What’s really cool about Web Planner is that it allows one to start with a particular communication goal, like an effective reach or effective frequency goal. Planners can enter in sites, flighting, CPMs and other information and Web Planner can evaluate the schedule according to the goals specified. One interesting piece of data that is revealed is a given site’s “run rate” during the specified schedule. That is, the percentage of total impressions that the site must serve in order to get to the goal. Although no sites currently allow for buying in this fashion, the run rate figure can be extremely valuable, as it can point out where a particular plan scenario might be unrealistic in its expectations. For instance, if a given plan calls for Yahoo to serve your ad 30% of the time to reach a given goal, you might consider adding some sites or adjusting your levels such that you come to a more realistic run rate.

The real impact of this tool, in my opinion, is that it allows for quick and easy scenario planning. When those client requests come in, it’s not very long before an average planner can come up with three or four scenarios that will address the communication goal, which is what clients are looking for anyway.

Efficient predictive modeling is a big sticking point in our process, but tools like Telmar’s can help bring this about.

Another predictive tool that is worth looking at is Dynamic Logic’s MarketNorms database.
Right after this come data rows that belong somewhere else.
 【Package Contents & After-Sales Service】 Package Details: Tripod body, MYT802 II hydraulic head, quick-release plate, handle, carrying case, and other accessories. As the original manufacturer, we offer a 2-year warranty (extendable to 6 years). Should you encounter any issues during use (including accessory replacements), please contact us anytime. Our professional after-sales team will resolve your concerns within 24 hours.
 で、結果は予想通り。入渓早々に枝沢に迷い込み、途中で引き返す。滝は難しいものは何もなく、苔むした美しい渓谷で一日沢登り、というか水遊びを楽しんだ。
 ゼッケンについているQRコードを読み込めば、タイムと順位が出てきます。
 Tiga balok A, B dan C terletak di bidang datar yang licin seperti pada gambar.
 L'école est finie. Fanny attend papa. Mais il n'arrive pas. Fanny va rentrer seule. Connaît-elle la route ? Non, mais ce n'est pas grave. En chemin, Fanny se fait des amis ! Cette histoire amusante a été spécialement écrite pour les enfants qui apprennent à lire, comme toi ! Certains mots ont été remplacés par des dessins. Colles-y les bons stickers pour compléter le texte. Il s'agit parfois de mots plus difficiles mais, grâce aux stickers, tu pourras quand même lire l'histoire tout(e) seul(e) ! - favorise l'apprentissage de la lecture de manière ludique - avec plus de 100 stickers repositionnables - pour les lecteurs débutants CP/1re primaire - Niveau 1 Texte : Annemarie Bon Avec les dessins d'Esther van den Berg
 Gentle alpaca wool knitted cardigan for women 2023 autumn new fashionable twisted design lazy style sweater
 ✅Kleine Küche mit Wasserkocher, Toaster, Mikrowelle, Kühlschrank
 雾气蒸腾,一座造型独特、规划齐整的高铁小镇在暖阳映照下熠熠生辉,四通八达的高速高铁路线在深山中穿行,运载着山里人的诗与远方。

While other predictive tools have concentrated on the quantitative aspects of reach, frequency and GRPs, MarketNorms operates in the areas in which Dynamic Logic is strong – measuring the lifts in brand attributes like brand favorability, message association and purchase intent.
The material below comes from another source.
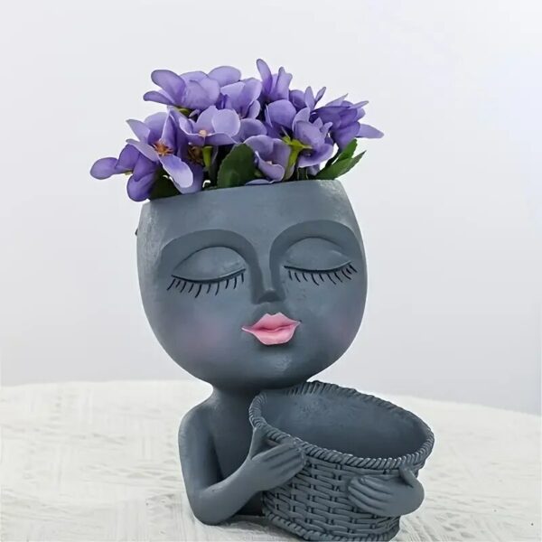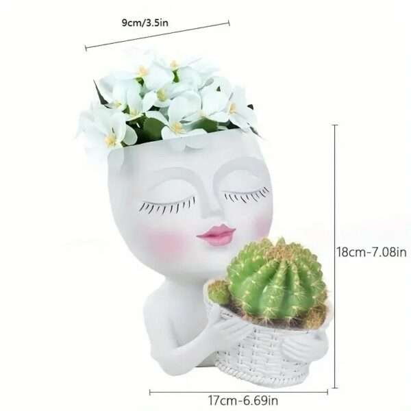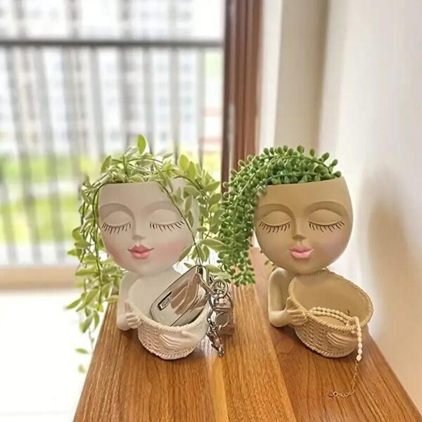 A female head indoor plant pot with a drainage hole is perfect for small succulents, artificial flowers, and medium-to-large air plants. This lovely artwork of a woman’s face would look great in your living room, office, or bedroom. To make it look like hair, add a string of pearls or other plants. Put this eye-catching item in your house or give it as a present.

The MarketNorms tool allows advertisers to gauge what to expect from their online advertising campaigns, based on a number of factors, including creative technology, ad frequency, ad format, background colors and other attributes of the ad. One can also benchmark performance by gender, household income, product category and other variables.
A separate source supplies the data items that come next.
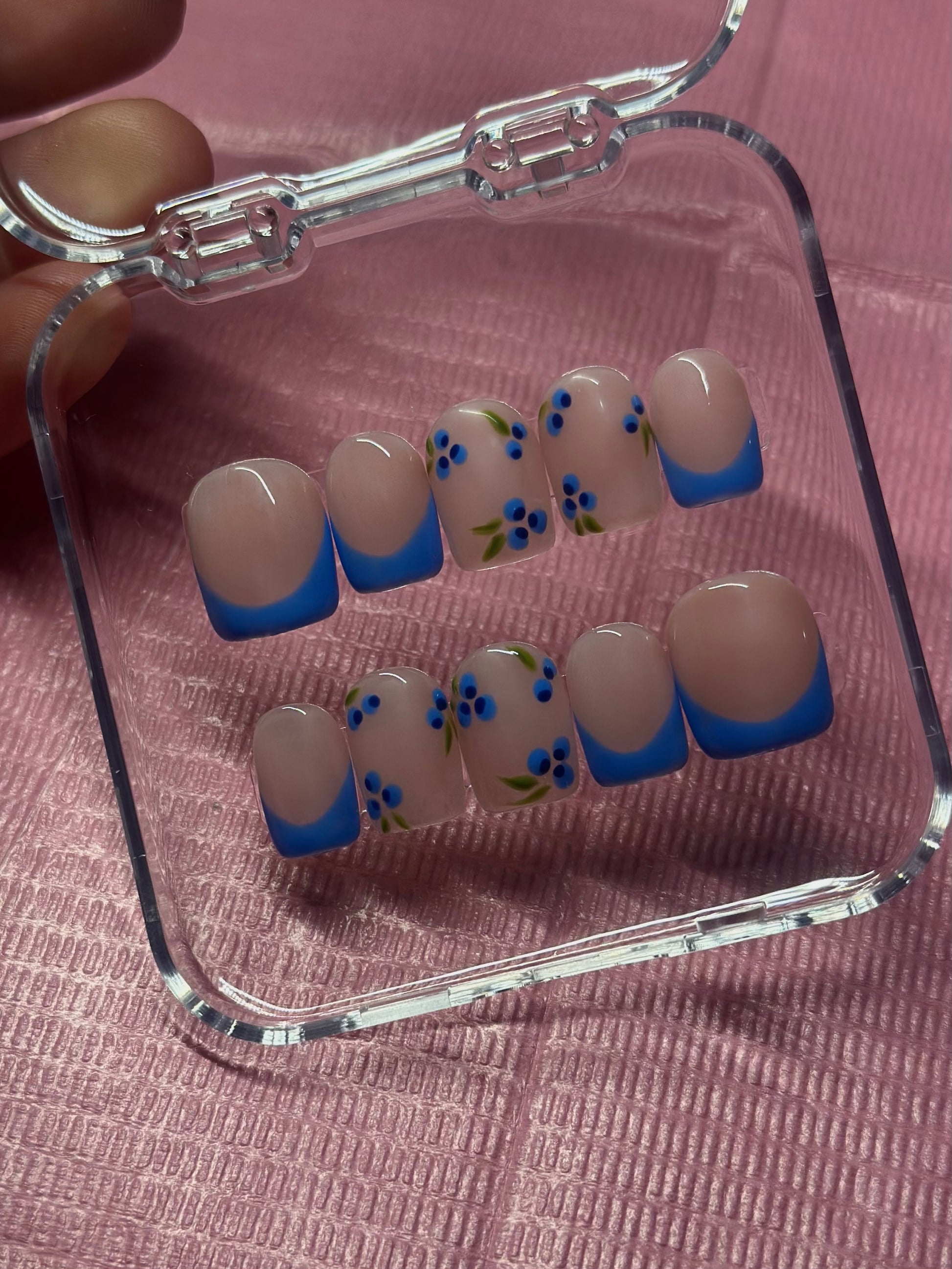 Blue French Tip with Blueberries | Hand Painted Press On Nails | Custom Sizing and Shape | Great for Summer, Holiday, or Gift
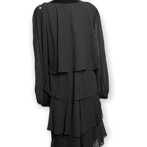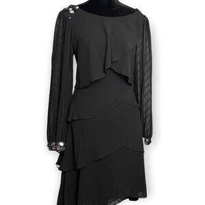 SLNY Long Sleeve Layered Ruffle Knee Length Dress Women's 10 Black Beaded NEW
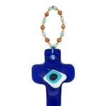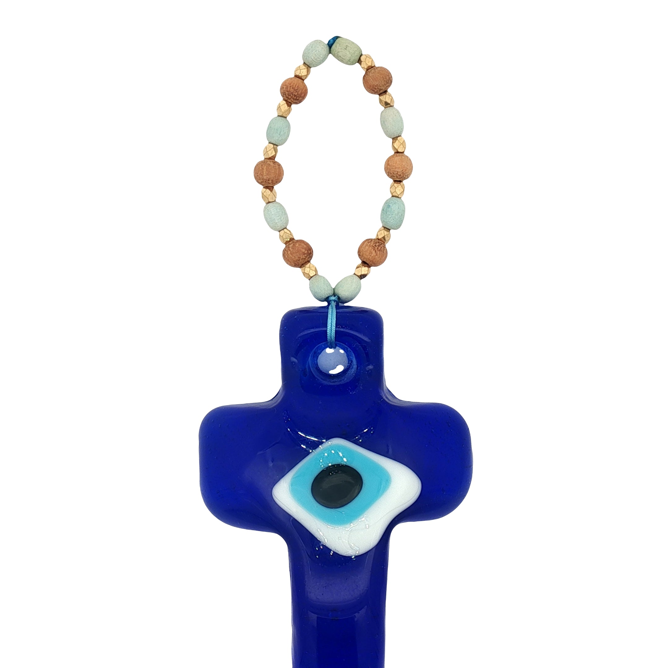 Croix en pâte de verre soufflé bleu : 72 mm x 49 mm

If I wanted to run an automotive campaign, I might use the MarketNorms database to show me how floating ads might affect brand favorability as compared to Flash skyscrapers. I can see how these ads affect my various age and gender targets within my category, based on data from the thousands of ads that have run with Dynamic Logic studies attached to them. In this way, I can benchmark my success and get a much better idea of what to expect from my campaign. If I want to, I can also benchmark specifically against campaigns that I’ve run in the past, rather than compare against the industry-wide MarketNorms database.

I’ve mentioned before that not only do we need to adopt analogs of traditional planning tools to give us a gauge of reach, frequency and GRPs, but we also need to develop tools to leverage the unique insight that interactive media provide. This will help us leapfrog the competition as far as TV and radio are concerned. I don’t know of an offline analog for Dynamic Logic’s MarketNorms tool, and that’s a good thing. We need to do more than get to parity with traditional media. We need to surpass it by providing things we can’t get in other media.

If you haven’t yet conducted a review of the tools on the market, I suggest you do so as soon as you can. These tools will bring us closer to tapping into traditional media budgets, which our industry needs to flourish.